Kenya’s banking industry has been at the centre of intense debate in recent months following growing interest in NCBA Group PLC. What started as quiet talks with one foreign lender has now developed into a clear takeover proposal from another, pointing to rising appetite for Kenyan financial institutions by major African banks.
The developments signal a possible shift in the region’s banking structure, with consolidation now moving from speculation to action.
Towards the end of 2025, reports emerged suggesting that Standard Bank Group, Africa’s largest lender by assets, was exploring a possible merger with NCBA through its Kenyan unit, Stanbic Holdings.
Sources indicated that internal approvals had been secured to begin talks, with analysts noting that such a deal could have created Kenya’s third-largest bank by assets, controlling a combined balance sheet of about KSh1.1 trillion.
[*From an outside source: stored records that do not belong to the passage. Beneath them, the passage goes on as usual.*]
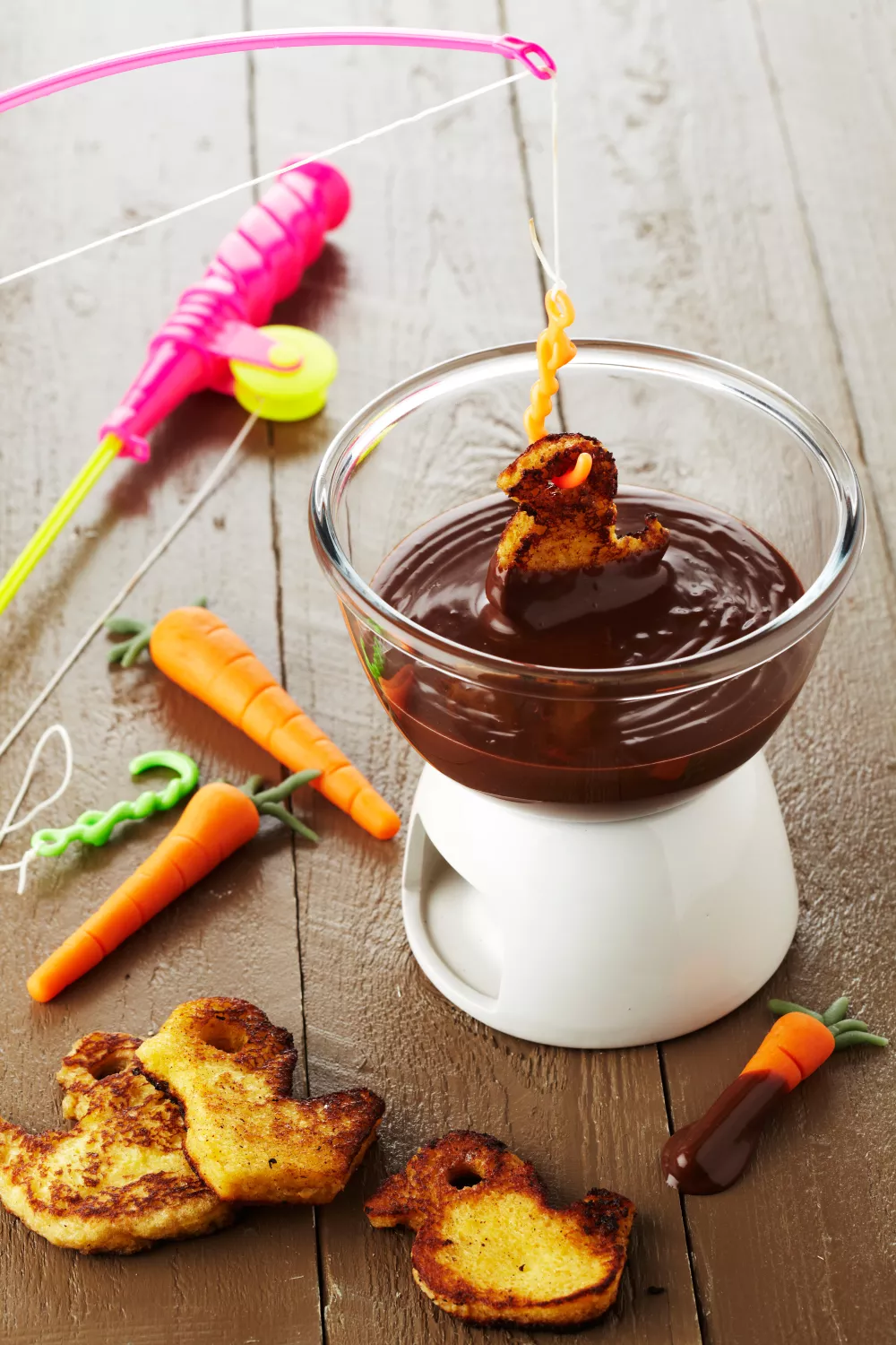 Luchtige briochevisjes gedoopt in warme, fluweelachtige chocoladefondue vormen een speels en feestelijk dessert voor gezellige avonden. Je wentelt kleine briochefiguurtjes kort in een vanille-eimengsel en bakt ze krokant in boter, om ze vervolgens aan een vishaak in een romige saus van room en gesmolten chocolade te soppen. Perfect voor feestjes, een intiem diner of knusse winteravonden wanneer je iets luchtigs en speels wilt serveren.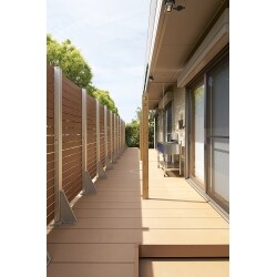 外からの視線をカットするフェンスも設置。外壁よりも少し濃い、明るい色味の人工木材を使用した。
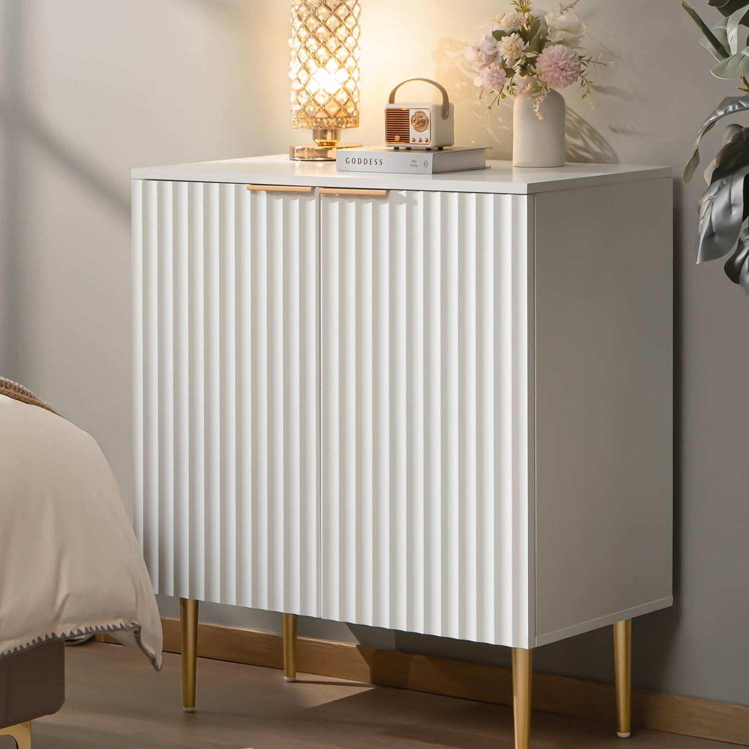 SICOTAS Fluted White Storage Cabinet Set of 2, Wood Sideboard Buffet Cabinet with Spray-painted Finish, Console Table with Wooden Credenza Accent Cabinet for Living Room, Dining Room, Entryway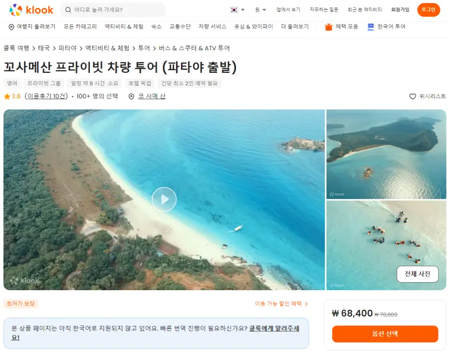 파타야 출발 코사메산(koh samae san) 프라이빗 차량 투어는 클룩사이트에서 쉽게 예약하실 수 있으며, 현재 할인된 금액에 이용하실 수 있습니다.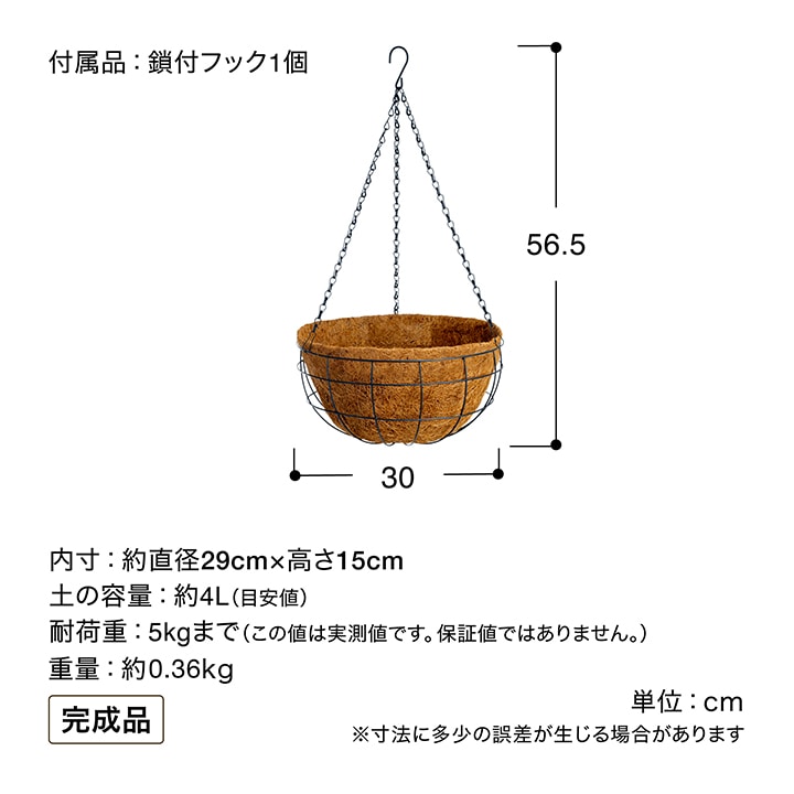 備考 : [土の容量]約4L(目安値)[耐荷重]5kgまで(この値は実測値です。保証値ではありません。)[付属品]鎖付フック1個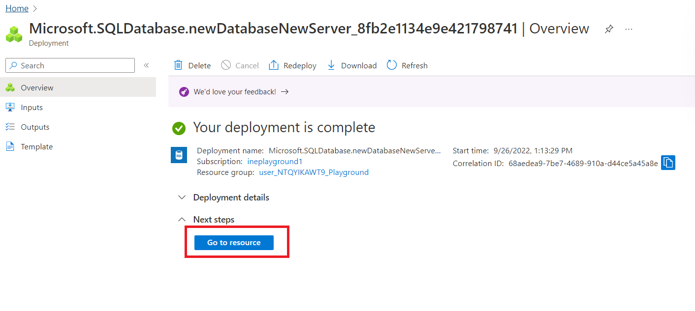 Wait for the resources to get deployed and after deployment is complete, click on the "Go to resources" option to view the resources.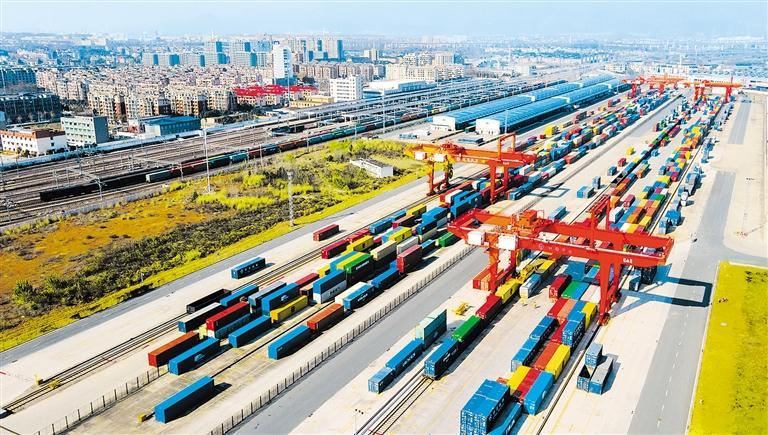 12月22日,浙江省金华市华东国际联运港铁路金华南站海关监管作业场,集装箱货物整装待发。今年以来,杭州海关累计监管中欧班列(金华)进出口集装箱已突破18.8万标箱,超去年全年总量。胡肖飞摄(中经视觉)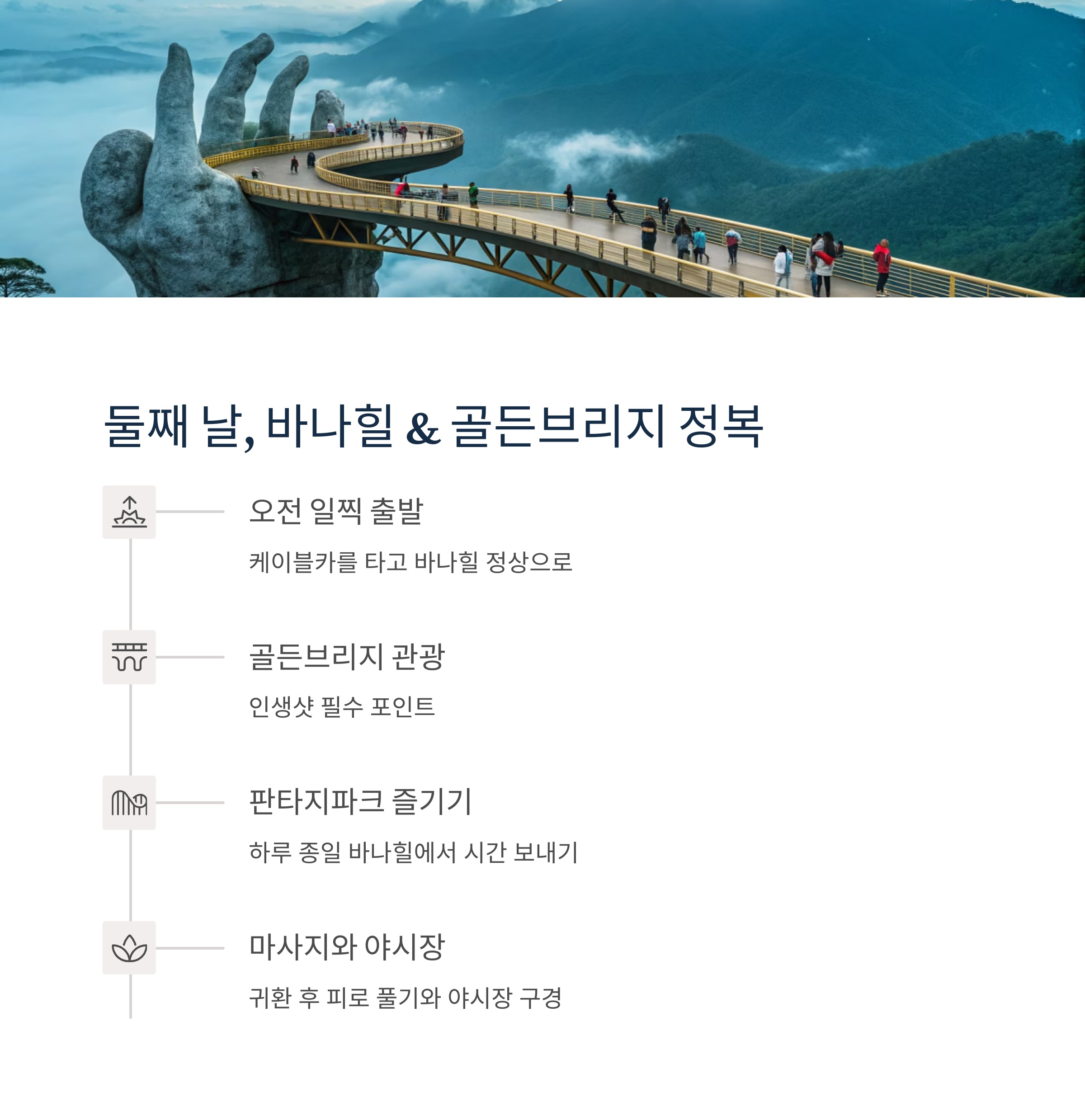 다낭 여행의 하이라이트 중 하나는 바나힐입니다. 오전 일찍 출발해 케이블카를 타고 바나힐 정상까지 올라가면, 유명한 골든브리지와 판타지파크가 기다리고 있습니다.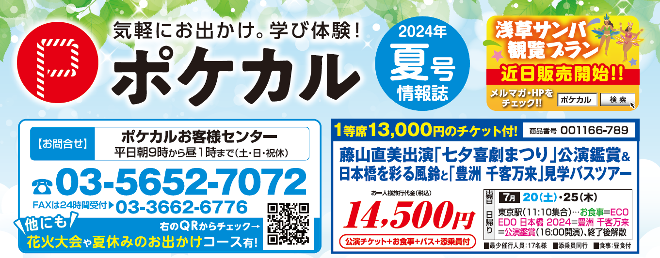 「ポケカル」はポケットに入る程度のちょっぴり知的なカルチャーエンターテインメントを味わう日帰り旅行専門サイトです。『日帰りレジャー』に特化することで、バスツアー、クルーズツアー、街歩き、体験イベント、体験教室、工場見学など、他社にはないツアー・商品のオリジナリティを追及した常時 200 以上の豊富なコンテンツを提供しています。どの世代・どの国の方にも記憶に残るものになるようにとの想いを込めて企画されています。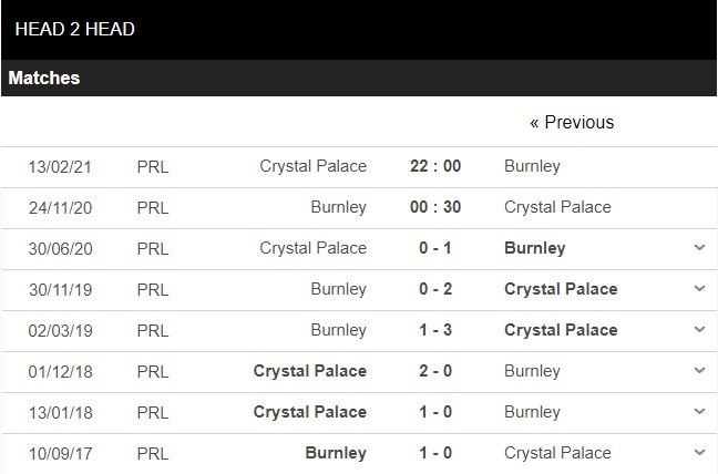 Thống kê đối đầu Burnley vs Crystal Palace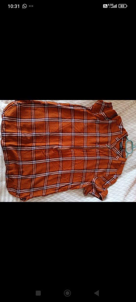Bol kesim, kısa kollu kahverengi ekose gömlek. Yaka kısmı düğmeli ve tekstil kumaştan üretilmiştir. Günlük sokak stiline uygundur.

Market reaction was swift. NCBA’s share price jumped to record levels as investors priced in the potential deal. However, both banks avoided public comment, and Stanbic later downplayed the reports, calling them market speculation. The talks eventually failed to produce a firm offer.
In January 2026, the story took a decisive turn. Nedbank Group Limited formally submitted a tender offer to acquire roughly 66 per cent of NCBA’s shares.
Under the proposal, NCBA is valued at about 1.4 times its book value. Shareholders willing to participate would receive part of the payment in cash, while the larger portion would be settled through newly issued Nedbank shares listed in Johannesburg.
If approved, NCBA would operate as a majority-owned Nedbank subsidiary, while the remaining shares would continue trading on the Nairobi Securities Exchange.
Nedbank’s bid reflects a broader push by South African lenders to expand beyond their traditional markets. By partnering with NCBA, Nedbank gains access to an established East African network with operations across several countries.
The structure of the offer also preserves NCBA’s local identity. Management, branding, and the Kenyan stock market listing would remain in place, a move seen as key to maintaining customer trust and regulatory goodwill.
The shift from informal discussions to a formal takeover bid highlights Kenya’s rising status as a financial hub. Strong institutions, expanding digital banking, and regional trade links continue to attract foreign investors looking for long-term growth.
Large banks are increasingly seeking scale to compete across borders, and acquisitions are becoming the fastest route to achieve this goal.
Unlike the earlier Standard Bank talks, Nedbank’s proposal now moves into the approval phase. Regulators in both Kenya and South Africa must review the transaction before it can proceed. If cleared, the deal could take between six and nine months to complete.
For shareholders and the wider market, the offer provides a clear choice backed by firm terms. Should it go through, the takeover would rank among the most significant cross-border banking deals in East Africa and could trigger further consolidation across the sector.